So because it took you going through THREE horses to figure out your saddle is a bad fit your blaming th saddle company? You do realize every saddle fits different just like a shirt or a pair of pants fit each person differently. 


Please don't be ignorant and blame the saddle maker. I've never had an issue with mine and I love mine. Every saddle fits every horse differently.
_Posted via Mobile Device_


----------



## bsms

Dakota & a lot of others use Steele trees. A good way to get a good fit via the Internet is discussed here:

Steele Saddle Tree LLC - Fit To The Horse

If you are new to fitting western saddles, it is a good place to start reading.


----------



## Mrs M

*Dakota Saddles*

Was happy with them have a Custom tooled and color reiner that ran about 850.00 new 5-6 years ago. Now also a nearly new Custom tooled special color Arab tree hybrid trail saddle that was close to a 1,000.00. Not even two years old and seat in that is just crap padding went flat under seat bones, :evil:wear in the center of the leather and a object of some kind nearly breaking through the very thin grade grain out leather. 

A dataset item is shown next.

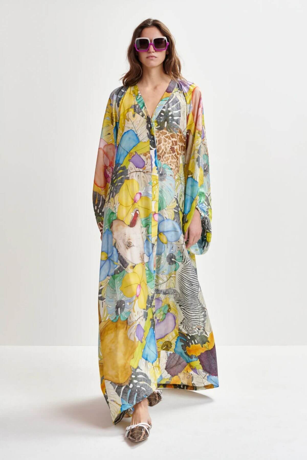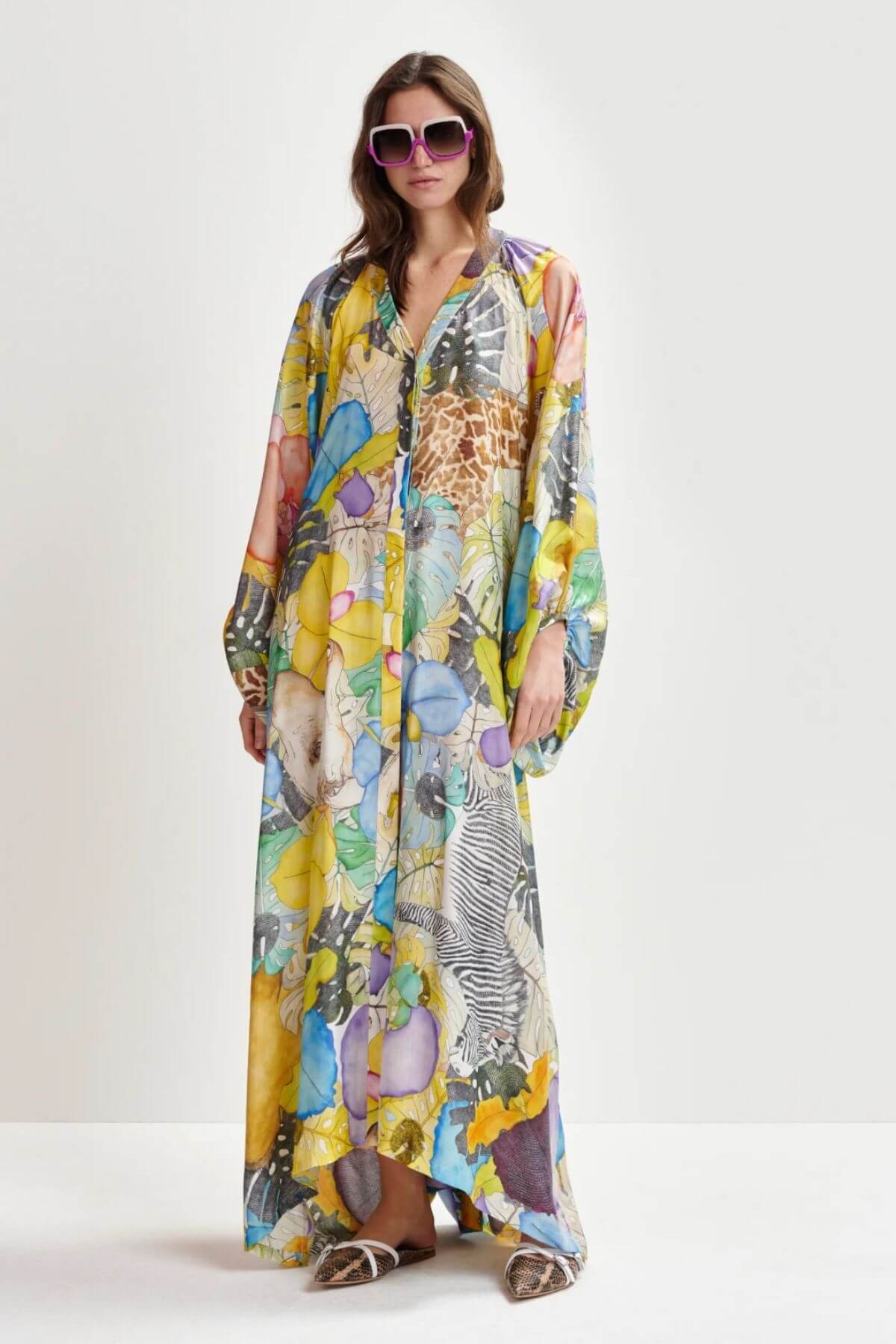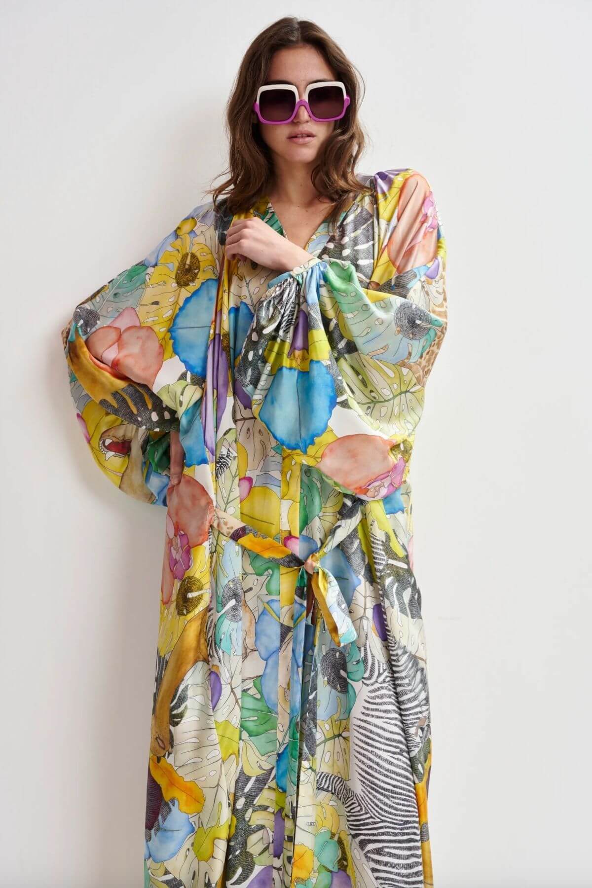 100% silk maxi dress is designed for an oversized, free-flowing silhouette. Featuring raglan shoulders and voluminous sleeves, it creates a dramatic yet refined look. Panelled seams and inverted pleats add subtle structure, while slit pockets offer functionality. A self-fabric belt allows you to cinch the waist for a more defined shape. Finished with a hidden button fastening at the neckline for a seamless look.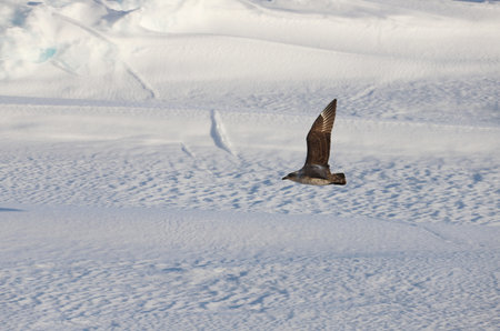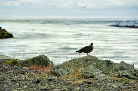 a bird skua at the coast of Jokulsarlon Glacier Lake, Iceland

They are not being very nice about repairing it either or even admitting to something of a QA problem When a seat has huge seat bone divots and a nail head poking up through the seat maybe a problem here with Them. I feel ok I'll pay shipping one way not happy with the rest of what they think I should pay. This saddle looks new barely has any miles on it. Thehorsesaddleshop.com was the dealer on this and did a good job getting it built for me but, not a good advocate job now the this is an issue. So far not happy will update this if they reach out and get back to me. e-mails and phone calls just result in them wanting me to pay shipping two ways and at "cost" repair.


----------



## jennifer newman

After the spanking I got on what I wrote upearlier I had no other reply. My saddle had the very same seat but it didn't become defective like yours. I am sad it took me 3 horses to realize I had a problem. Everything was so gradual with the 1st horse & then the fact the 2nd one would not canter. Just never put it together until the 3rd horse just threw a fit. I guess stupid me but I have a HR Ranch cutter now & it is awesome. But it is very heavy. Sits like a rocking chair. Thank you for the reply I thought I was the only person unhappy with the Dakota.


----------



## Cowgirls Boots

I still have no issues with mine! :wink:
_Posted via Mobile Device_


----------



## SouthernTrails

.

Sorry you had a bad experience, the 1st time I ever saw a Dakota was about 7 years ago when I met some people at a Barrel Racing Club, there were over 40 members there that owned one as one of the members was dealer so everyone got a great price.
Many of these people had been using their Saddles for over 10 years and they were all in great shape.
While anyone can get a bad Saddle, I can tell you one of the Biggest Names in the Saddle Industry at 3 times the price of a Dakota has a Much, Much, Much Higher Dissatisfaction rate.... just saying


.


----------



## garlicbunny

Just wondering what brand that is. I have recently discovered through my saddlemaker that I also have a defective saddle. Working on getting this issue resolved..


----------



## Joe4d

I had a less than satisfactory dealings with Horsesaddleshop as well, and dont agree with their sales policies. Whos another decent dealer of dakotas ?


----------



## Mrs M

MY Dakota Custom saddle with the seat issue is still with them. I spoke on the phone direct with Jamie @ Dakota he said he had not seen this seat divot problem. They "would have replaced seat if I'd returned it with-in a year" now I do not really know it that is true of course since being asked to pay "cost". It was less than two years old new condition barely rode in low miles. "should Not have failed like this" he quoted me. Ok so now they are replacing padding/seat with different materials. Will not know until I get it back if this a good job or not. They did work on one of the shipping charges but it's still running me money. Depends on how good this looks afterwards. I will let you know.


----------



## SouthernTrails

Joe4d said:


> Whos another decent dealer of dakotas ?


Me 

.


----------



## TackJack

Joe4d said:


> I had a less than satisfactory dealings with Horsesaddleshop as well, and dont agree with their sales policies. Whos another decent dealer of dakotas ?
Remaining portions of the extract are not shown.